CODEWITHSUNDEEP
javascriptarraysjavascript-objects
Hunter
Hunter

Reputation: 357

JavaScript: in what sense are objects `{}` and arrays `[]` the same or different

I'm trying to understand the following output:

'use strict';
console.log(Object.getPrototypeOf([]));
// [] 
console.log(Object.getPrototypeOf(Array.prototype));
// {}
console.log(Object.getPrototypeOf([]) == Array.prototype);
// true
console.log(Object.getPrototypeOf([]) === Array.prototype);
// true
console.log([]=={});
// false
console.log([]==={});
// false

In particular, why are lines 6 and 8 evaluated to be true, whereas lines 10 and 12 are evaluated to be false.#

Edit: I made a stupid typo on lines 6 and 8, which I have now edited. This makes the question different. Apologies.

Upvotes: 0

Views: 98

Answers (3)

Lihai
Lihai

Reputation: 323

All prototypes in Javascript eventually inherit from the same object prototype. That's why if you will add a property to the object prototype, all the objects in your program will end up having this property. In lines 6 and 8 you are comparing Object.prototype to itself, which is equal.
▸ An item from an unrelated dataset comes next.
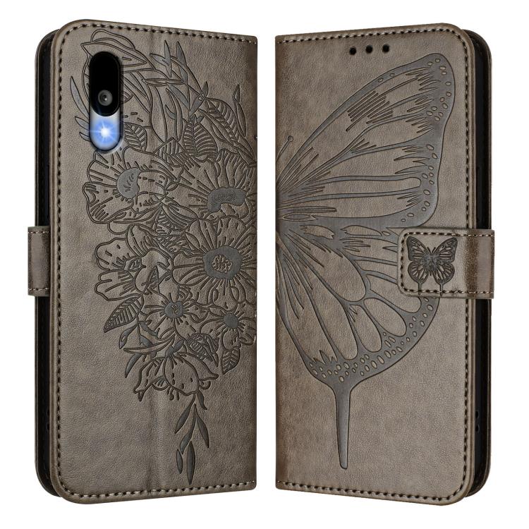 Funda de Cuero para Sharp Basio Active3 con Diseño de Mariposa en Relieve (Gris)
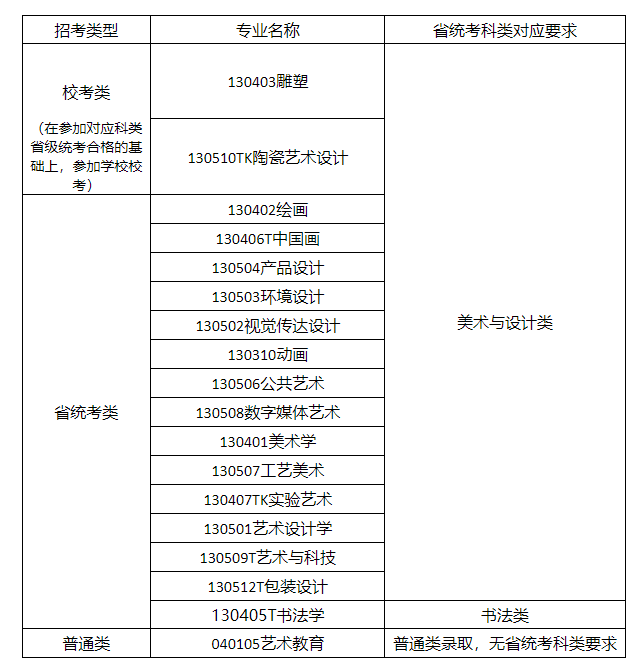 景德镇陶瓷大学关于2026年艺术类本科招生专业省统考科类对应要求

However in lines 10 and 12, you are comparing 2 different objects, they may share the same prototype, but these are completely two different objects in memory.

Upvotes: 3

knittl
knittl

Reputation: 265211

[] will create a new array instance. Two instance are different from each other (you can modify them independently). The same holds for {}, it creates a new object instance.

All array instances share the same prototype instance (there is only a single array prototype instance). The prototype of an array prototype is an object.

They just happen to have the same string/JSON representation.

What you are basically doing in your second console.log example is: console.log(Object.getPrototypeOf(Object.getPrototypeOf([])))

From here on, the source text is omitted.